Monday, August 3, 2009

No vacation would be complete without a stop over at a cemetery.


There seems to be a lot of discussion as to where Sacagawea was buried and when she had died.



Our son left his favorite rock that he had found at the Wind river Popo agie sinks in the folds of this statues dress. I think that she probably would have liked that.
This cemetery is so beautiful even though it's not mowed. It seems very respectful even so. The flowers and the gifts that are left for their beloved dead are meaningful. This was the most sentimental cemetery that I have ever been to and yet I had been there once before.

3 comments:

Melody K said...

Beautiful cemetery. That is neat, that you took a picture of Sacagawea's grave! I know there is a controversy surrounding her. There are two versions that I have heard; one is that she died of a fever in her 20's. The other (which I believe) is that she left her abusive common-law husband Toussaint Charbonneau (spelling is probably wrong)and returned to her people. The story is that Charbonneau had won her in a poker game. She supposedly died in the Wind River area in her late nineties.
If your library has it, you would enjoy "The Spirit Woman" by Margaret Coel. She writes mysteries, and this book is fiction, but she did a lot of research on Sacagawea.

belinda said...

I have heard about the story. Her husband was way over chicked and he married above his station in life.

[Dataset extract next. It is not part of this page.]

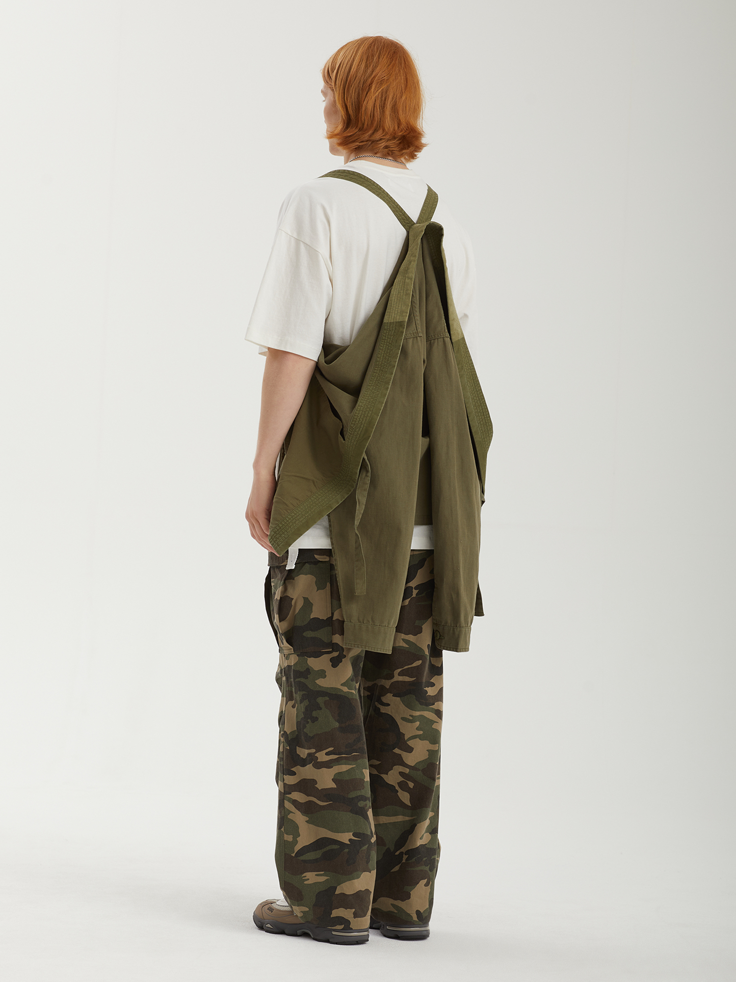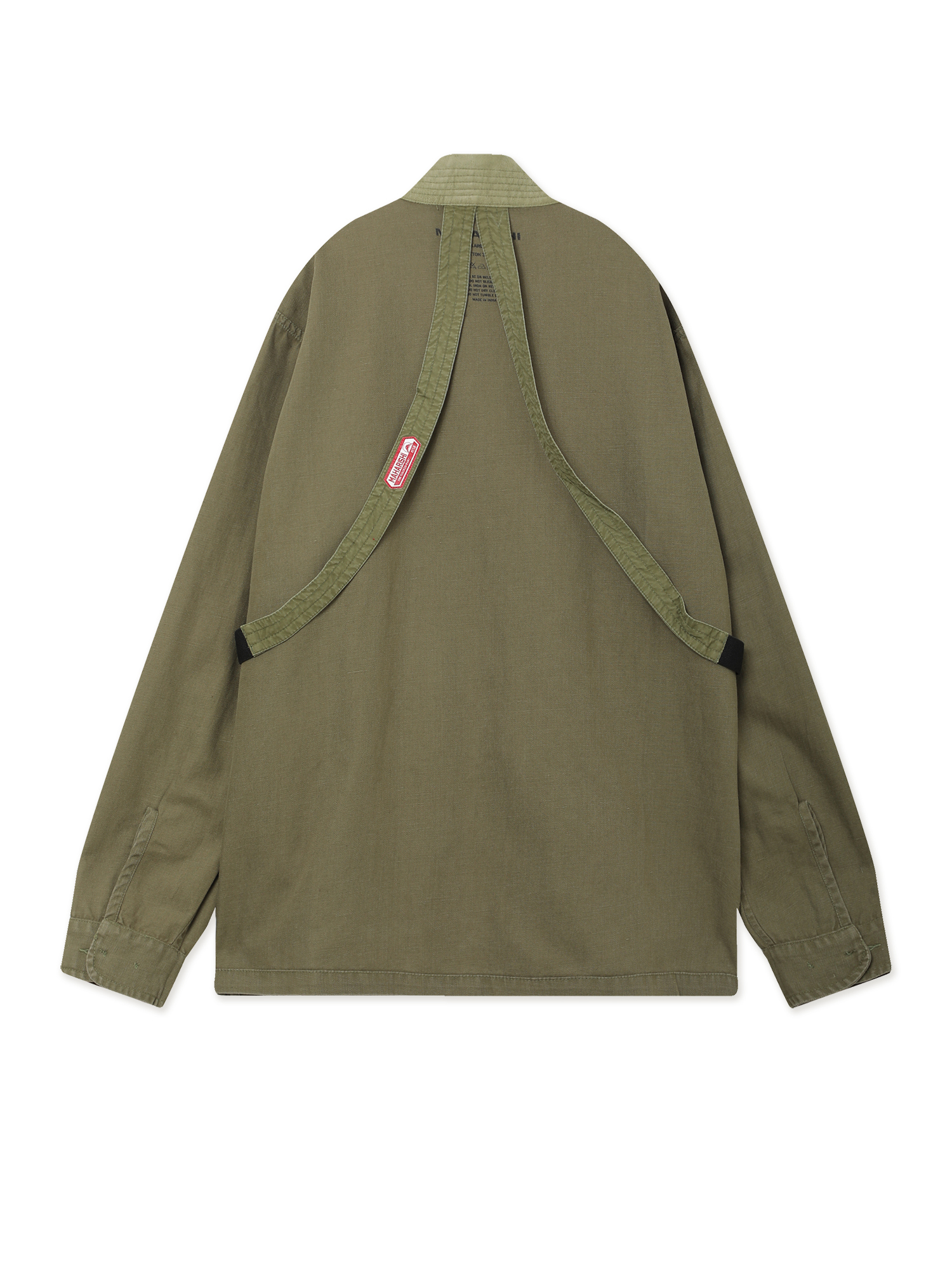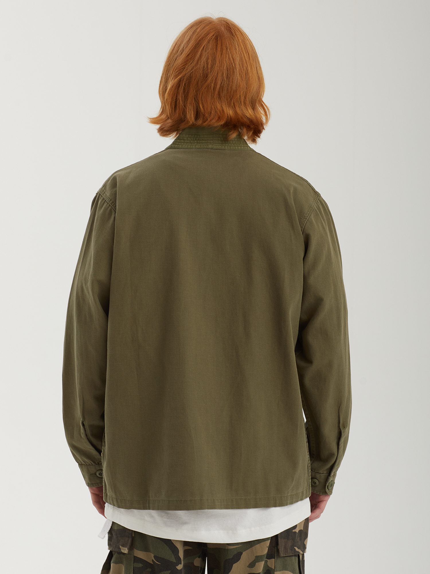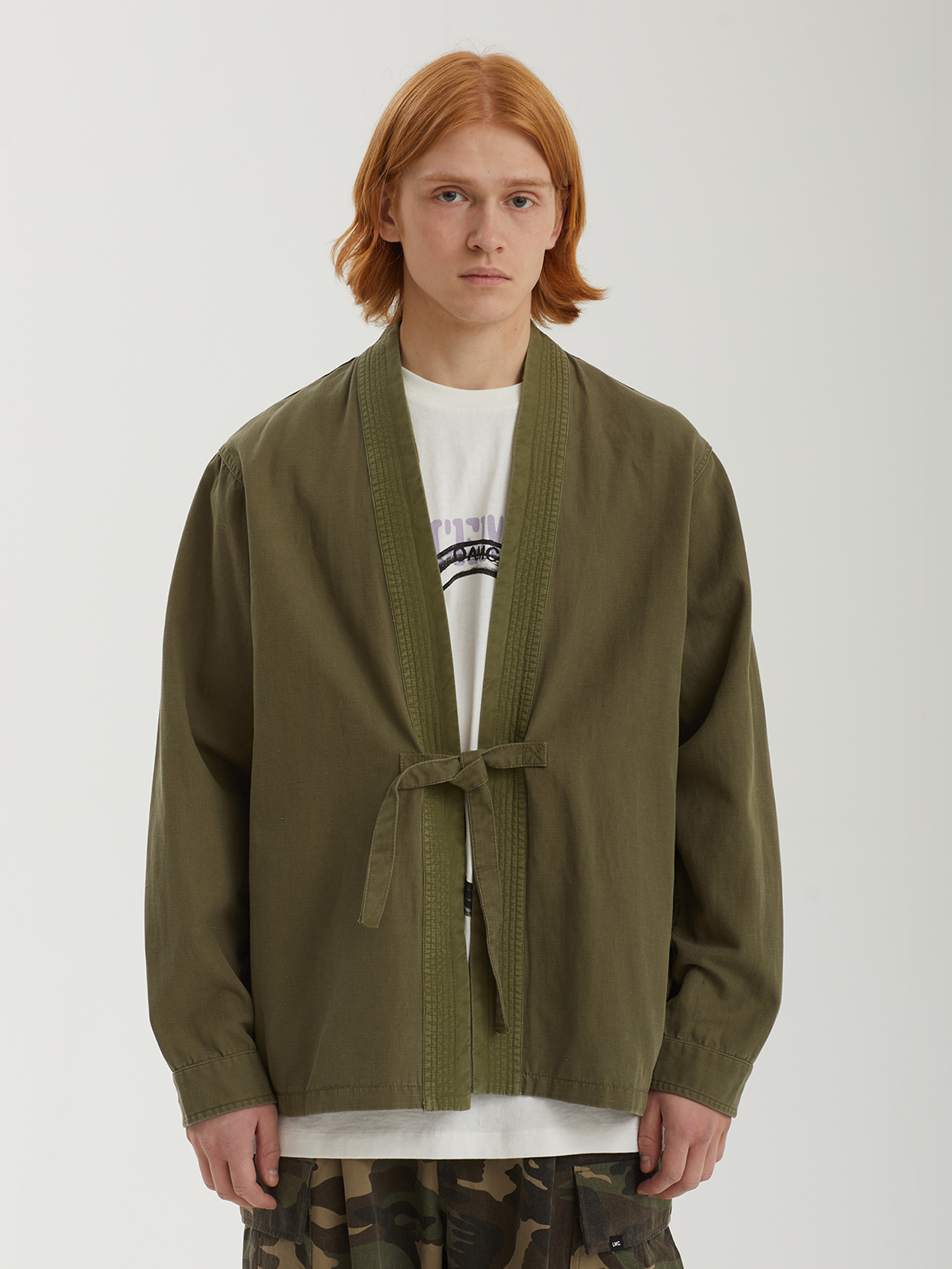 Рубашка-кимоно Maharishi из прочного смесового твила, выстиранного в готовом виде для получения винтажного эффекта. Модель выполнена в стиле традиционного японского хантона с воротником-кимоно и застежкой на завязки, дополнена утилитарными карманами.
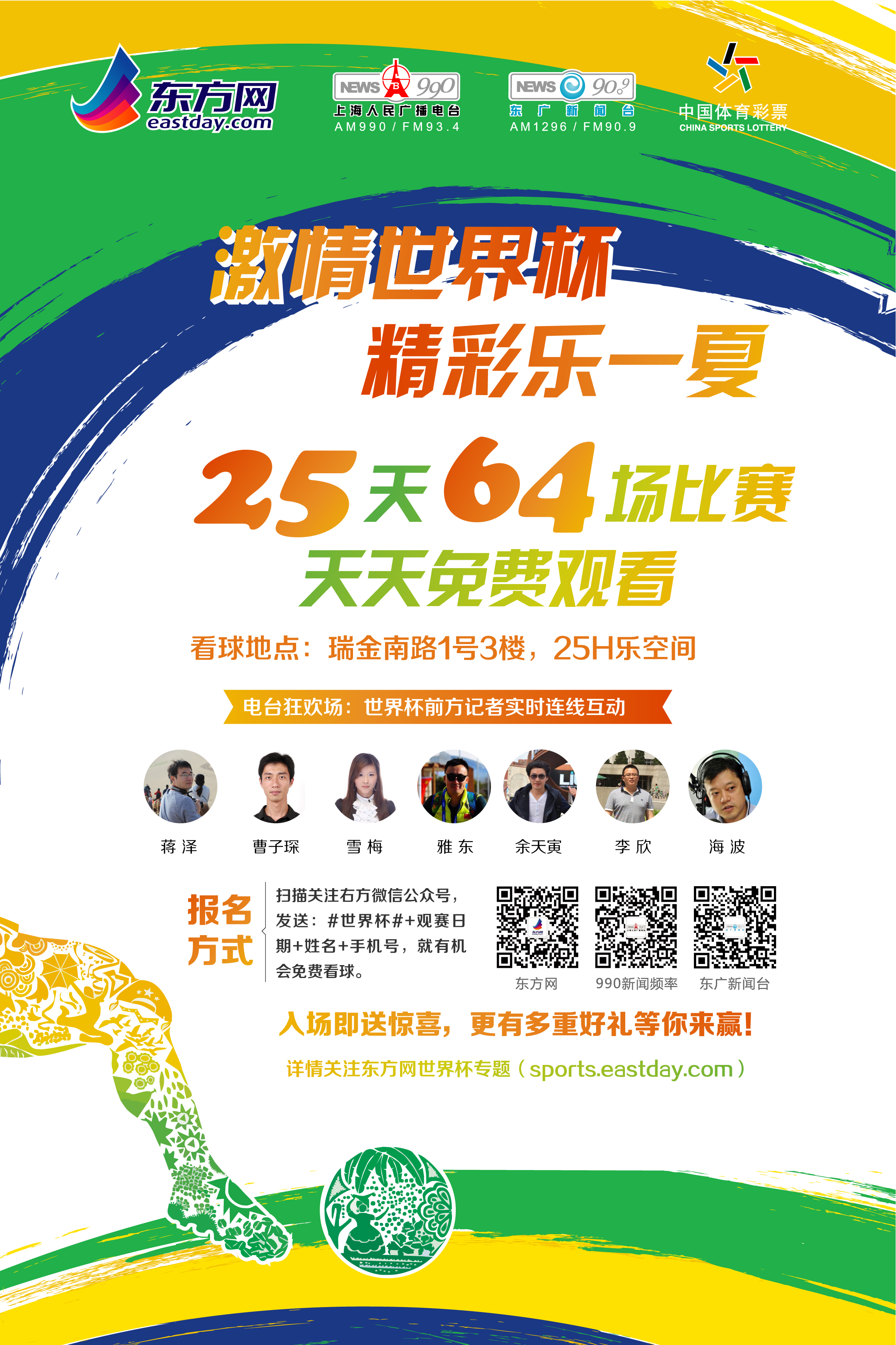 世界杯期间,东方网将携手上广990新闻频率、东广新闻台、上海体育彩票管理中心联合推出“天天免费看球”活动,为广大球迷提供一个交流互动的平台。即日起只需关注东方网微信公众号,发送报名信息:#世界杯#+观赛日期+姓名+手机号,即有机会免费看球,参与现场竞猜、互动游戏还可赢得多重神秘大礼。6月15日、7月14日【电台狂欢场】,知名主持人与您一同看球评球,巴西前方记者实时连线,让你体验绿茵赛场的火热碰撞。叫上朋友们一起来狂欢吧!一切尽在瑞金南路1号海兴广场3楼——25H乐空间。

I personally believe the story that Clark wrote in his letters that she had died young. The Indians tend to be romantic which I throughly enjoy.

bookprojectusa said...

Belinda, though you would like to believe Clark, there is proof in other books that the woman who died in 1812 was not Sacajawea, but Otter Woman, another of Charbonneau's wives. (he was Sacajawea's french-born husband)Clark had no contact with her after 1810 and assumed she died based on info incorrectly given to him by fur trappers who didn't know Charbonneau had more than one wife. Sacajawea died on April 1884 and there are papers by government officials who verified who she was during her later years. SEE Sacajawea: Her True Story by Rich Haney.